### Exercise instructions
Copy exactly the lines from the first line of the records below through the line containing "501 ジェントリパープルxヴァイブラントイエロー", including both, and nothing else.

### Records shown
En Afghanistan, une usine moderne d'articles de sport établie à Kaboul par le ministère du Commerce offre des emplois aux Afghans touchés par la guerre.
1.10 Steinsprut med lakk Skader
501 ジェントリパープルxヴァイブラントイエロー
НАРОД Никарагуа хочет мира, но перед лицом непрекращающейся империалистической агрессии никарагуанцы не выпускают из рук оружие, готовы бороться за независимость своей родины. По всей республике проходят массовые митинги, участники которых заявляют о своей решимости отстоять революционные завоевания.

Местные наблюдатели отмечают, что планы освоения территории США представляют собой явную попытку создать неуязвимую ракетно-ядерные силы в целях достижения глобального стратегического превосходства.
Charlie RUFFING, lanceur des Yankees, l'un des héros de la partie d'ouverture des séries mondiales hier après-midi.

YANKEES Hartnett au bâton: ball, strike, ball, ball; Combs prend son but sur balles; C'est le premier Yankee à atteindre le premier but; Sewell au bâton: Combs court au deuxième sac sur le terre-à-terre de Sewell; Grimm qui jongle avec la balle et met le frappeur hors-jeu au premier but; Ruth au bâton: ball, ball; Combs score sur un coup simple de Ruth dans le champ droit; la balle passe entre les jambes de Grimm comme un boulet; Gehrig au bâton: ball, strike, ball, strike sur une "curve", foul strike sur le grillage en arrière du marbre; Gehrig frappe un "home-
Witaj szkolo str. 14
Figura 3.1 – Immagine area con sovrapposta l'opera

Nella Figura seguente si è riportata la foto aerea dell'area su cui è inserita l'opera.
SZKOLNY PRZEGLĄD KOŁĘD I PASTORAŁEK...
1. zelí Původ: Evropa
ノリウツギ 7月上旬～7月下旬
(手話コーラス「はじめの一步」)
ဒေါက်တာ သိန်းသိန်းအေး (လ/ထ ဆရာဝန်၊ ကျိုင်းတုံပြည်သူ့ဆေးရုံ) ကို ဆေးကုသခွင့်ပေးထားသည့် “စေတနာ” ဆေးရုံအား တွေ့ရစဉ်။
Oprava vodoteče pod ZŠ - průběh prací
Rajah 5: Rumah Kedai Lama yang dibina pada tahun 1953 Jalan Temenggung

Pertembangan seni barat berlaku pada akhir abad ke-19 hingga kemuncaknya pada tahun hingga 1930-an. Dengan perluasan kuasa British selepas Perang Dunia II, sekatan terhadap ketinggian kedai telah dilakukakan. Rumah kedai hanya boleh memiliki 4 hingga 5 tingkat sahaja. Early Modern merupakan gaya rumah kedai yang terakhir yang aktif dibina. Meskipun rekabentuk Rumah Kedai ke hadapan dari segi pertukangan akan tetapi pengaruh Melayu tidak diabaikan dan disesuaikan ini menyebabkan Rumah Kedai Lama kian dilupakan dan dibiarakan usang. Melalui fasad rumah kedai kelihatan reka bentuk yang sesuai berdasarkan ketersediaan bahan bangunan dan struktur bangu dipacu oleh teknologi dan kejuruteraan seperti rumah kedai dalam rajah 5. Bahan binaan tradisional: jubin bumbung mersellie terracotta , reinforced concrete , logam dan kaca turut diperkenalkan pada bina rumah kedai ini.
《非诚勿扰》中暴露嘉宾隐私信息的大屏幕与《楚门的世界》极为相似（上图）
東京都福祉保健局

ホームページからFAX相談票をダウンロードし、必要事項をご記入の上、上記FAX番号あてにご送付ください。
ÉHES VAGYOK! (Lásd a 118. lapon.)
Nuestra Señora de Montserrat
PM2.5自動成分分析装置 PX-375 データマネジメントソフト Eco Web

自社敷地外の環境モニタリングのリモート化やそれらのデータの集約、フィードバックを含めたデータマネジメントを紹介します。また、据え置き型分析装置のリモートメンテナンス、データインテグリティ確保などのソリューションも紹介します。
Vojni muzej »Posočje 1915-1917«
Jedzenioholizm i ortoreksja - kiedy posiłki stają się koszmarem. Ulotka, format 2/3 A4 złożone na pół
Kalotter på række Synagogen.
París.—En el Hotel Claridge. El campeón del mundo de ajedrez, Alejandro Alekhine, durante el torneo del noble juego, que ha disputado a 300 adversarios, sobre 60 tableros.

### Solved exercise
En Afghanistan, une usine moderne d'articles de sport établie à Kaboul par le ministère du Commerce offre des emplois aux Afghans touchés par la guerre.
1.10 Steinsprut med lakk Skader
501 ジェントリパープルxヴァイブラントイエロー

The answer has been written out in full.